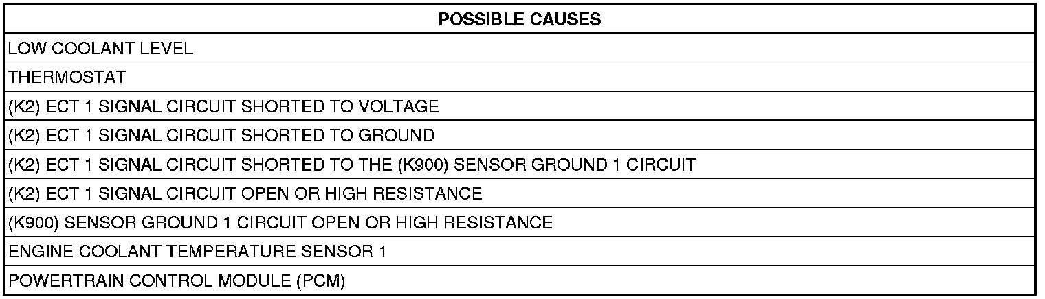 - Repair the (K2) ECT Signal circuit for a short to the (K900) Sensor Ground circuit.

--

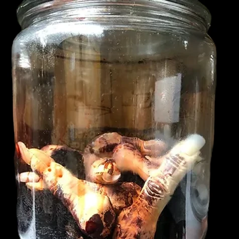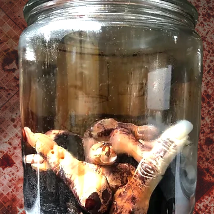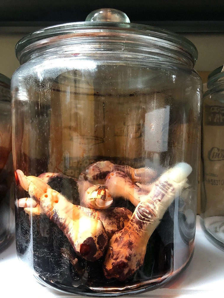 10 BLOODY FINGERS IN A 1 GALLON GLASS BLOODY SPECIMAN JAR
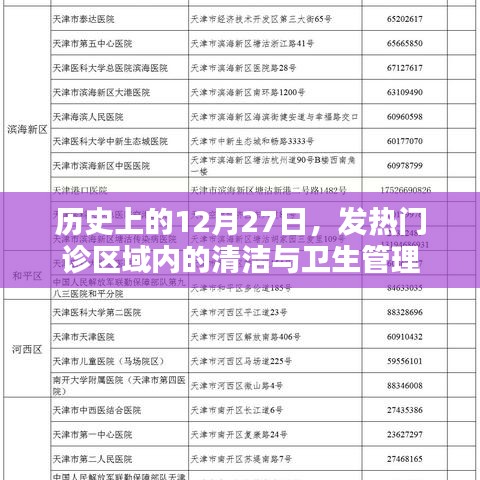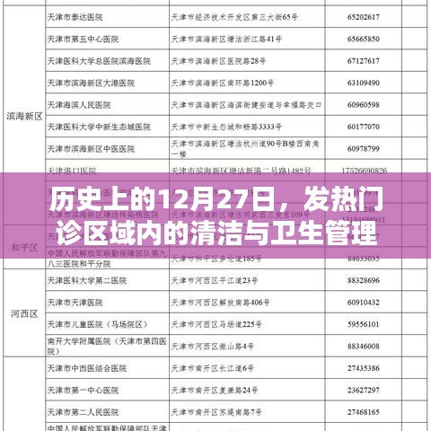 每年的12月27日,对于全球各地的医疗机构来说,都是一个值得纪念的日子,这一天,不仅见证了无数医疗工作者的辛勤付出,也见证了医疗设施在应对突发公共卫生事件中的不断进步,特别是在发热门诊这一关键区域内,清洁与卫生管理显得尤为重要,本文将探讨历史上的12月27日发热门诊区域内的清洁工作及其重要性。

...

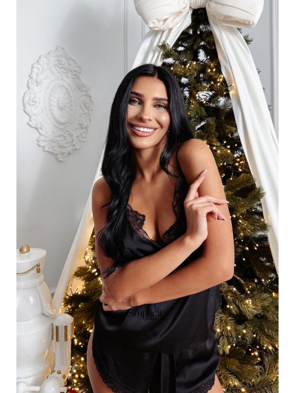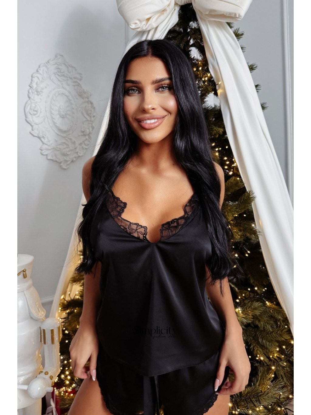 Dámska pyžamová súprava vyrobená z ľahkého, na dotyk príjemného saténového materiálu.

* Exercise brief
All pictures are to be skipped. Output, word for word, the lines in the data above starting at the line containing "10 BLOODY FINGERS" and ending at the line containing "每年的12月27日,对于全球".

* Task output
 10 BLOODY FINGERS IN A 1 GALLON GLASS BLOODY SPECIMAN JAR
 每年的12月27日,对于全球各地的医疗机构来说,都是一个值得纪念的日子,这一天,不仅见证了无数医疗工作者的辛勤付出,也见证了医疗设施在应对突发公共卫生事件中的不断进步,特别是在发热门诊这一关键区域内,清洁与卫生管理显得尤为重要,本文将探讨历史上的12月27日发热门诊区域内的清洁工作及其重要性。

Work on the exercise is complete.